那init就看完了,总结一下init做的事情
- 设置options,参数有很多,不同的服务器业务可以用不用的参数。
- 设置attr
- 把handler添加到pipeLine的尾部
- 初始化了一个ServerBootstrapAcceptor,里面封装了childHandler的那些参数。
其实看到这里,我们会发现init还只是初始化参数,把handler添加到pipeLine里面,做好一切准备,并没有bind服务器端口。
那我们继续看
ChannelFuture regFuture = config().group().register(channel);
2.12 register
先继续贴一下initAndRegister的代码,因为上面讲的东西有点多,大家可能忘记initAndRegister里面的代码了。
final ChannelFuture initAndRegister() {
Channel channel = null;
try {
channel = channelFactory.newChannel(); //1. NioServerSocketChannel的初始化已经讲了
init(channel); //2. init过程已经讲了
} catch (Throwable t) {
}
ChannelFuture regFuture = config().group().register(channel); //3. 现在讲register
if (regFuture.cause() != null) {
if (channel.isRegistered()) {
channel.close();
} else {
channel.unsafe().closeForcibly();
}
}
return regFuture;
}
如同上面的注释,我们讲register过程
- config.group()是什么呢?参考我们上一篇的ServerBootstrap初始化,config.group()指的bossGroup,类型是NioEventLoopGroup
ServerBootstrap初始化
EventLoopGroup bossGroup = new NioEventLoopGroup();
EventLoopGroup workerGroup = new NioEventLoopGroup();
try {
ServerBootstrap b = new ServerBootstrap();
b.group(bossGroup, workerGroup)
由于NioEventLoopGroup继承自MultithreadEventLoopGroup,所以调用的是MultithreadEventLoopGroup的register(channel)方法,如下:
public ChannelFuture register(Channel channel) {
return next().register(channel);
}
@Override
public EventExecutor next() {
return chooser.next();
}
那next()又是什么呢?在上篇 NioEventLoopGroup实例化 里面我们分析了,NioEventLoopGroup里面初始化了跟传入线程数目相同的NioEventLoop对象,而next()方法有两种算法选出下一个NioEventLoop对象是什么。

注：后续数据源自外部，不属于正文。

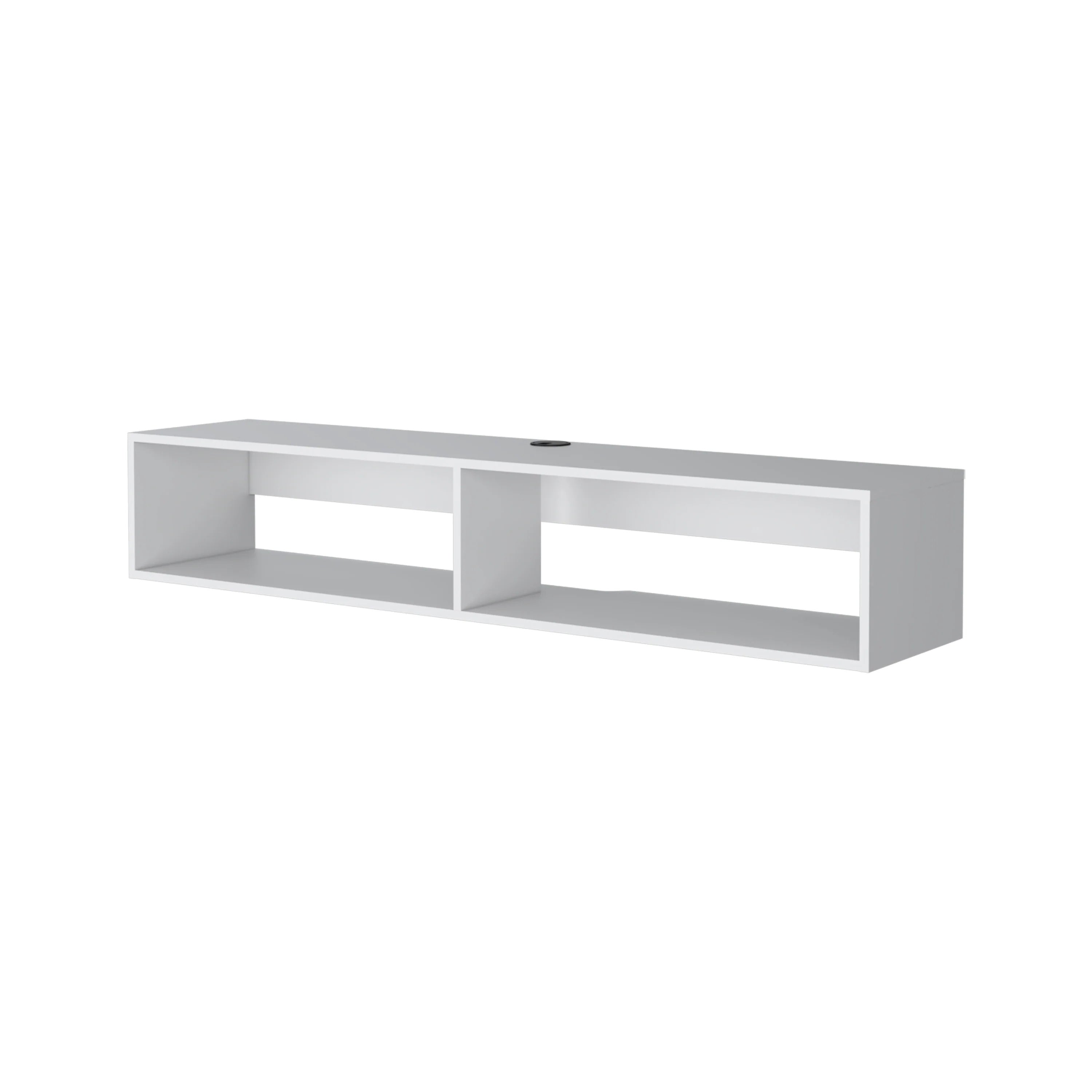 Elevate your entertainment area with a clean, modern floating media rack that combines sturdy construction and space-saving design. This white two-shelf unit offers ample storage for media components and décor while keeping your floor clear and your TV positioned at a comfortable viewing height — an ideal choice for contemporary living rooms, apartments, or media rooms.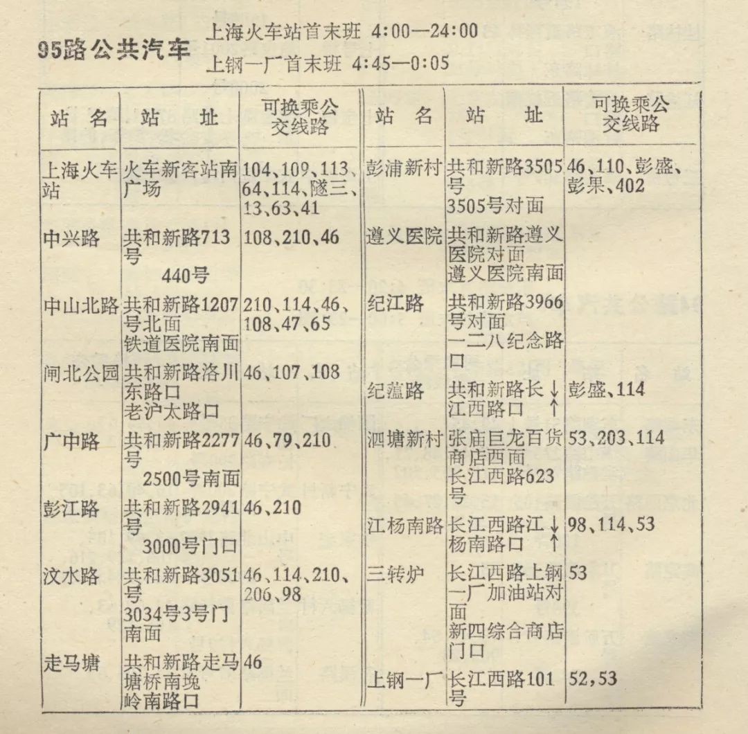95路调整为上海火车站(南广场)至呼兰路通河路(原114路终点站处),不再经过长江西路西新桥往东至上钢一厂路段。

这两种算法是PowerOfTwoEventExecutorChooser和GenericEventExecutorChooser,所以我们就可以知道继续会调用NioEventLoop对象的register(channel)对象。
而NioEventLoop类并没有实现register(channel)方法,它继承自SingleThreadEventLoop,它里面有实现register(channel)方法,如下:
public ChannelFuture register(Channel channel) {
return register(new DefaultChannelPromise(channel, this));
}
这个方法里面实例化了一个DefaultChannelPromise对象,它其实就是保存channel和当前的NioEventLoop对象,做了一层封装而已,如下:
public DefaultChannelPromise(Channel channel, EventExecutor executor) {
super(executor);
this.channel = checkNotNull(channel, "channel");
}
public DefaultPromise(EventExecutor executor) {
this.executor = checkNotNull(executor, "executor");
}
所以我们可以暂时不管它,继续往下面走.
@Override
public ChannelFuture register(final ChannelPromise promise) {
ObjectUtil.checkNotNull(promise, "promise");
promise.channel().unsafe().register(this, promise);
return promise;
}
调用的是unsafe.register(this, promise)
那unsafe是什么对象呢?从上面2.6可以看到unsafe()初始化的是NioMessageUnsafe对象
protected AbstractNioUnsafe newUnsafe() {
return new NioMessageUnsafe();
}
由于NioMessageUnsafe并没有重写register(EventLoop eventLoop, ChannelPromise promise)方法,所以追踪它的父类,最后在AbstractUnsafe里面看到了register(EventLoop eventLoop, ChannelPromise promise),如下:
先附上NioMessageUnsafe的继承关系图:
AbstractUnsafe.java
public final void register(EventLoop eventLoop, final ChannelPromise promise) {
...
AbstractChannel.this.eventLoop = eventLoop;
if (eventLoop.inEventLoop()) {
register0(promise);
} else {
try {
eventLoop.execute(new Runnable() {
@Override
public void run() {
register0(promise);
}
});
} catch (Throwable t) {
...
}
}
}
都会走到register0(promise)这个方法里面,继续看register0(promise)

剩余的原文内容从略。